I’m going to take a second Mulligan here and discuss our meal at L’Opportun in the 13th. The last time I ate there was during the Mad Cow Scare, where we were warned to avoid beef, so since 99% of the menu is bovine, I felt I had hardly tested the house. This time, though, two of us went and we did. For starters we split the petis gris meurette which was spectacular and the endive salad with crisp duck skin and its underlying meat, equally good. Then my guest had the tartare of beef and I had the veal kidneys, both perfectly prepared and accompanied by frites, which I found so-so. We spied the Paris Brest go by, that was approximately the same size as the city of Brest, so we had no dessert.

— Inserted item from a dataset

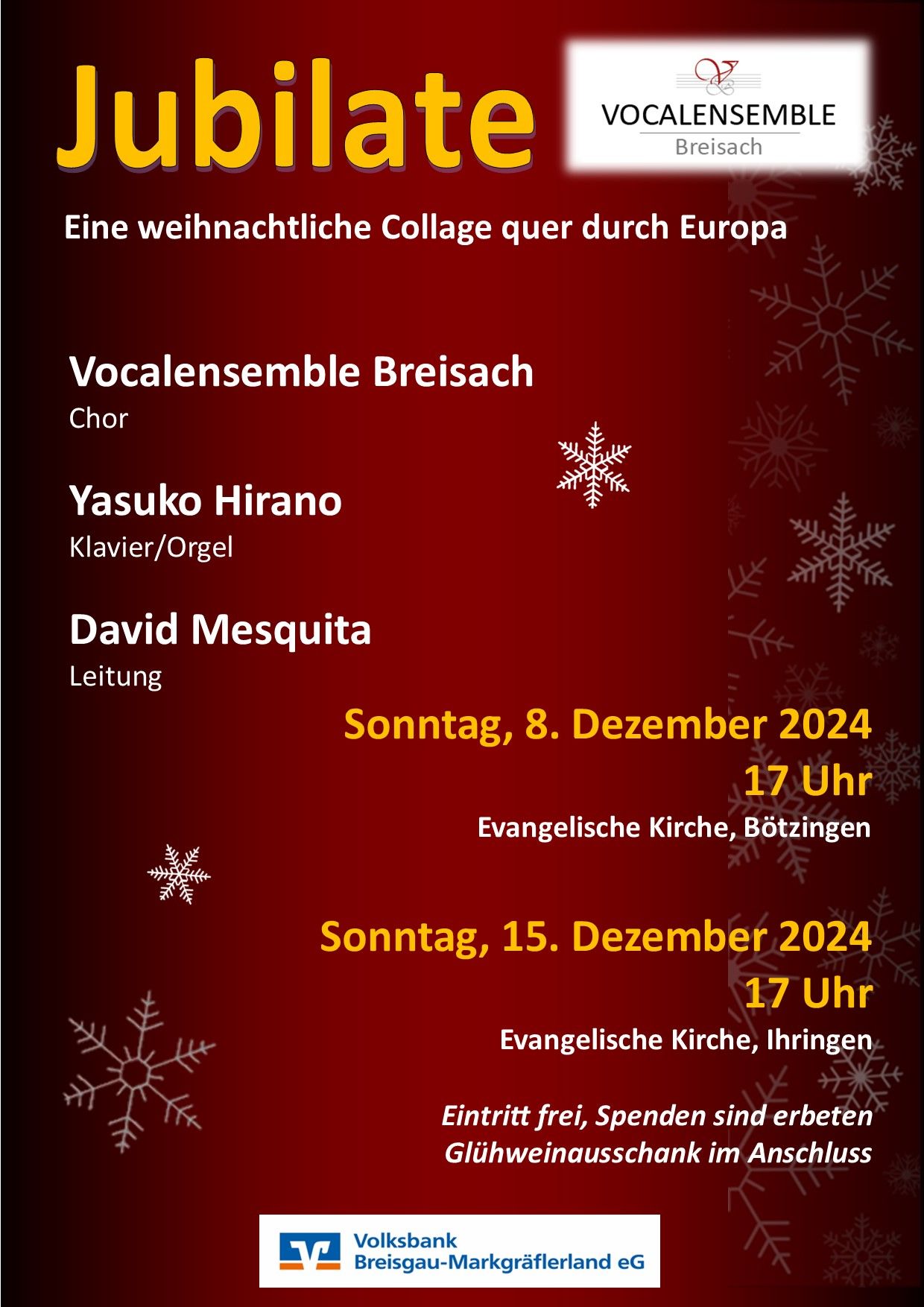 Unter dem Titel „Jubilate – eine weihnachtliche Collage quer durch Europa“ lädt das Vocalensemble Breisach zu zwei Adventskonzerten ein: am 8. Dezember 2024 um 17 Uhr in die evangelische Kirche Bötzingen und am 15. Dezember 2024 um 17 Uhr in die evangelische Kirche Ihringen. Mit weihnachtlich festlicher Musik setzt der Chor die Tradition seiner „Jubilate“-Aufführungen fort. Das Publikum darf sich auf ein von Chorleiter David Mesquita völlig neu konzipiertes Programm freuen. Die Liedfolge zeichnet den adventlichen Weg nach, beginnend mit der Vorankündigung und Erwartung bis hin zur Verkündigung der Geburt Christi und dem damit einhergehenden Jubel. Der musikalische Streifzug führt in dieser Collage nicht nur durch verschiedene zeitliche Epochen, sondern bedient sich auch unterschiedlicher europäischer Herkunftsländer: So werden neben deutschen Klassikern wie »Es ist ein Ros entsprungen« unter anderem Stücke aus spanischer, französischer, englischer, ungarischer oder schwedischer Feder (»Jul, Jul, Strålande Jul« von Gustav Nordqvist) vorgetragen. Yasuko Hirano begleitet die Darbietungen an Klavier und Orgel. Zu drei bekannten Werken darf das Publikum seiner weihnachtlichen Vorfreude selbst Ausdruck verleihen und ist herzlich dazu eingeladen mitzusingen. Der Eintritt ist frei, Spenden sind erbeten. Im Anschluss der Konzerte lassen jeweils Glühweinausschank und Fingerfood den Abend gemütlich ausklingen.

Our bill was 117.80 € and it certainly goes on my “authentic Paris places” list.

Just so I don’t slight anyone, our repeat meals at Grand Pan, Rech, Le Violin d’Ingres, l’Escarbille, Maree de Passy, l’Ecallier du Bistrot, Villaret, Fables de la Fontaine, except for tough shrimp in Colette’s gazpacho, blah sweetbreads at Villaret, and a failed deconstructed overaspic’d gazpacho at the Fables de la Fontaine, were all good and golden.

Scale (subject to fickleness and change):

10 – The best you’ve ever had, eg Girardet in the old days.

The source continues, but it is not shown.